**PROBLEM REQUIREMENTS**
Please copy the lines below, exactly as they are, from the one with "En complément de" through the one with "Nous avons ajouté", and leave out the pictures.

**GIVEN DATA**
########

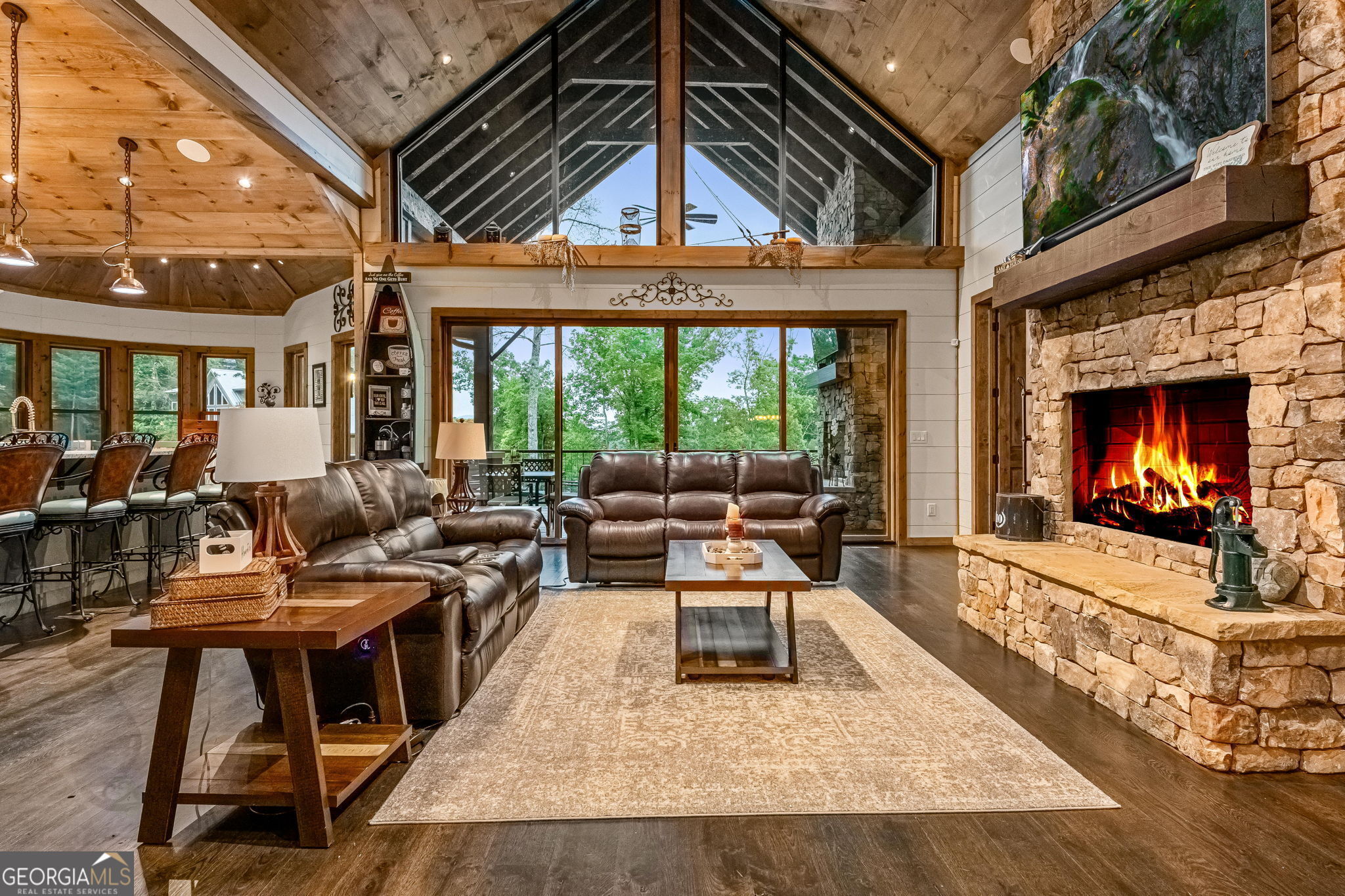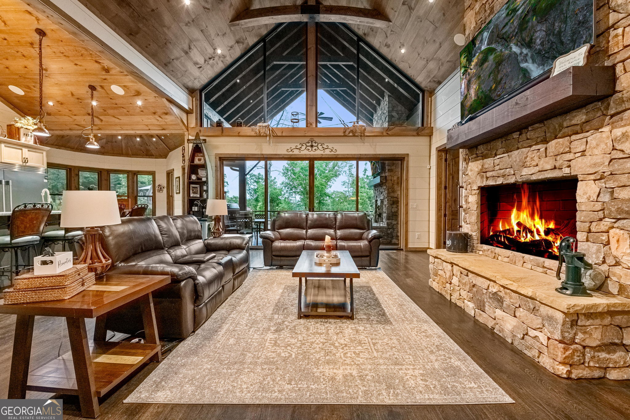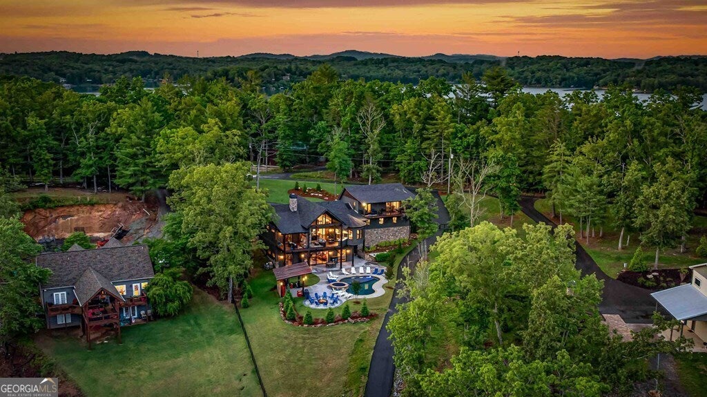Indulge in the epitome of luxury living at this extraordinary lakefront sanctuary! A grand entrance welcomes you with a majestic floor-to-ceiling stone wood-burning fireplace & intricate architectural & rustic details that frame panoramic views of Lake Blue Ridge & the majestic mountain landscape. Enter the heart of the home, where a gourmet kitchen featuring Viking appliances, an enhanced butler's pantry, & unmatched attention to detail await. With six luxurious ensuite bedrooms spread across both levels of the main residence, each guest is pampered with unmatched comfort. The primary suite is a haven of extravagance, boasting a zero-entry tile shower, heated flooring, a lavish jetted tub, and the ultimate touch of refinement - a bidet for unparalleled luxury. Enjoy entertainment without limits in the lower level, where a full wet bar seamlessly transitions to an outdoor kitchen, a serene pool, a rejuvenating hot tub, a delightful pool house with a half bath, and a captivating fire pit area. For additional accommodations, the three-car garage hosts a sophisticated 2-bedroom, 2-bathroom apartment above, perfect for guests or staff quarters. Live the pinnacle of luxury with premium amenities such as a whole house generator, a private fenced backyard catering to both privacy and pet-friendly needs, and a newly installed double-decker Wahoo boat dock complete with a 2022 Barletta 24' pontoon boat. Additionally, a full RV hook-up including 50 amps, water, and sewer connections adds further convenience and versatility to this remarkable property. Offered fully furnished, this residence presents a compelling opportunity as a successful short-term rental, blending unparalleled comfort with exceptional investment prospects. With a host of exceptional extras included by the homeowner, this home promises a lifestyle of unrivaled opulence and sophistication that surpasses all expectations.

########

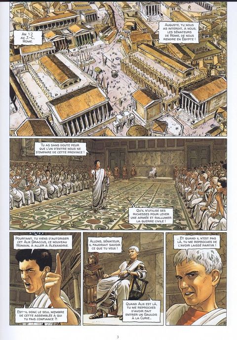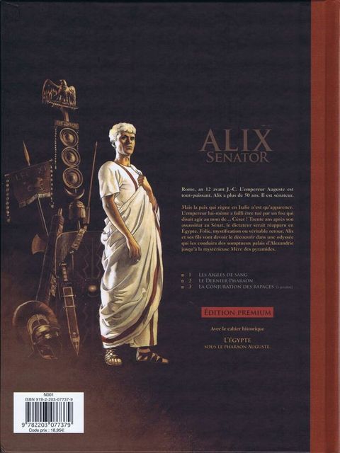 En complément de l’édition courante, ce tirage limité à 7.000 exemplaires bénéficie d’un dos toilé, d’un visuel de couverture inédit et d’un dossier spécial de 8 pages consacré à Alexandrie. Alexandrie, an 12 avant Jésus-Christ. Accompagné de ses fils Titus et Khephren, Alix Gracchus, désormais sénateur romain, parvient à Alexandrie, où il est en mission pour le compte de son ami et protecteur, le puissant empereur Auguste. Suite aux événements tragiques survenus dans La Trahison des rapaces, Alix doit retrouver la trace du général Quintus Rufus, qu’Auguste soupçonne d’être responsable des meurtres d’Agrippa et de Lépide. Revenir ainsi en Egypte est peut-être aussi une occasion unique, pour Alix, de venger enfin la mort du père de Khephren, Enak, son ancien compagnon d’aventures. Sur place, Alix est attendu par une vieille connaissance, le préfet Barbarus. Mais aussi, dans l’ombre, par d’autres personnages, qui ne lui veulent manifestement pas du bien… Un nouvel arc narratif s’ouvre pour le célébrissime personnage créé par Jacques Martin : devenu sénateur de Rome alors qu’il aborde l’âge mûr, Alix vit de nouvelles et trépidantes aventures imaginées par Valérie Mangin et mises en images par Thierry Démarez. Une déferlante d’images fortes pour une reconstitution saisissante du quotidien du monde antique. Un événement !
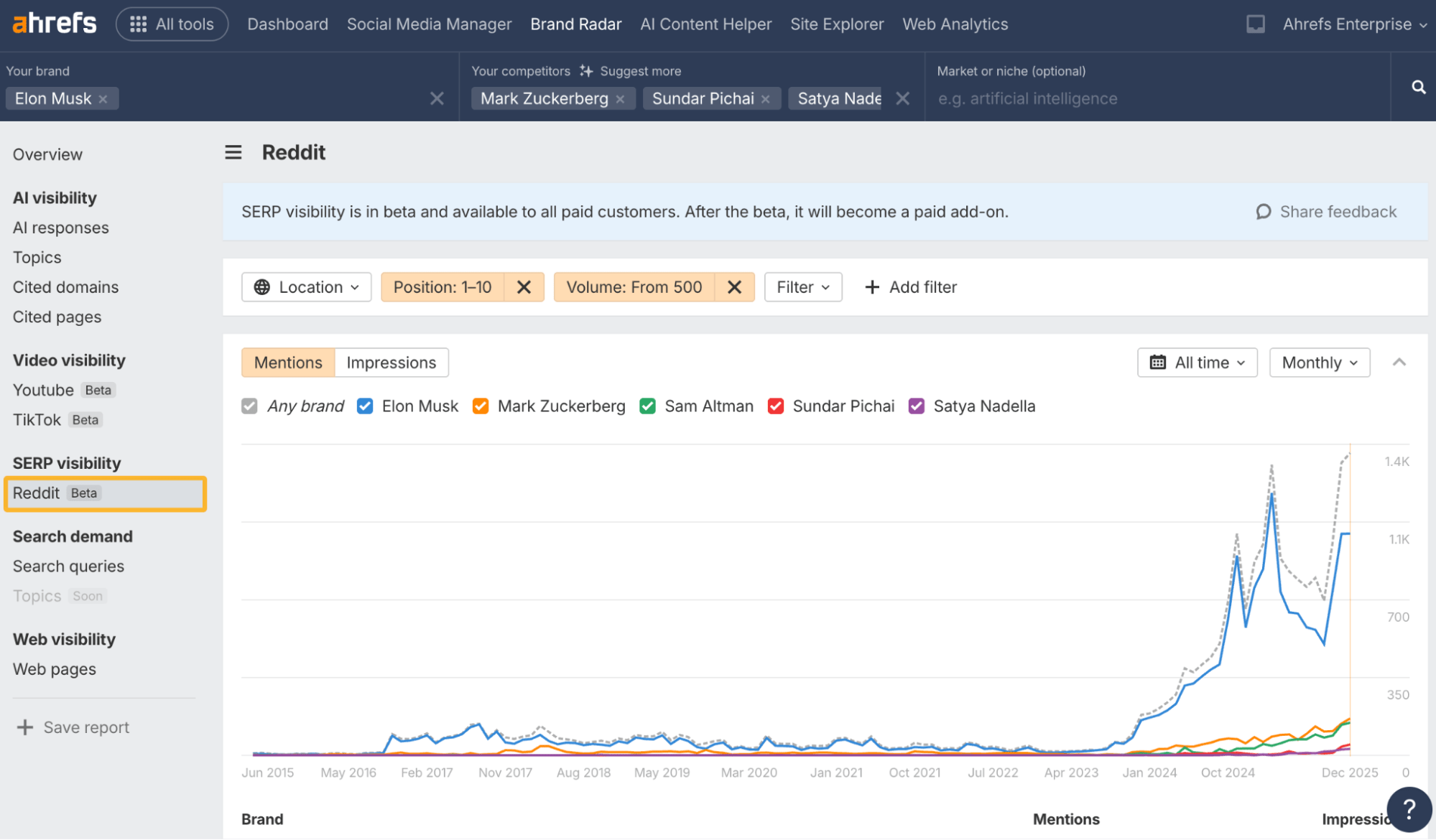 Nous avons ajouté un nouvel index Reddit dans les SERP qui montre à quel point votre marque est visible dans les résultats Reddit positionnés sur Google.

########

**YOUR RESPONSE**
 En complément de l’édition courante, ce tirage limité à 7.000 exemplaires bénéficie d’un dos toilé, d’un visuel de couverture inédit et d’un dossier spécial de 8 pages consacré à Alexandrie. Alexandrie, an 12 avant Jésus-Christ. Accompagné de ses fils Titus et Khephren, Alix Gracchus, désormais sénateur romain, parvient à Alexandrie, où il est en mission pour le compte de son ami et protecteur, le puissant empereur Auguste. Suite aux événements tragiques survenus dans La Trahison des rapaces, Alix doit retrouver la trace du général Quintus Rufus, qu’Auguste soupçonne d’être responsable des meurtres d’Agrippa et de Lépide. Revenir ainsi en Egypte est peut-être aussi une occasion unique, pour Alix, de venger enfin la mort du père de Khephren, Enak, son ancien compagnon d’aventures. Sur place, Alix est attendu par une vieille connaissance, le préfet Barbarus. Mais aussi, dans l’ombre, par d’autres personnages, qui ne lui veulent manifestement pas du bien… Un nouvel arc narratif s’ouvre pour le célébrissime personnage créé par Jacques Martin : devenu sénateur de Rome alors qu’il aborde l’âge mûr, Alix vit de nouvelles et trépidantes aventures imaginées par Valérie Mangin et mises en images par Thierry Démarez. Une déferlante d’images fortes pour une reconstitution saisissante du quotidien du monde antique. Un événement !
 Nous avons ajouté un nouvel index Reddit dans les SERP qui montre à quel point votre marque est visible dans les résultats Reddit positionnés sur Google.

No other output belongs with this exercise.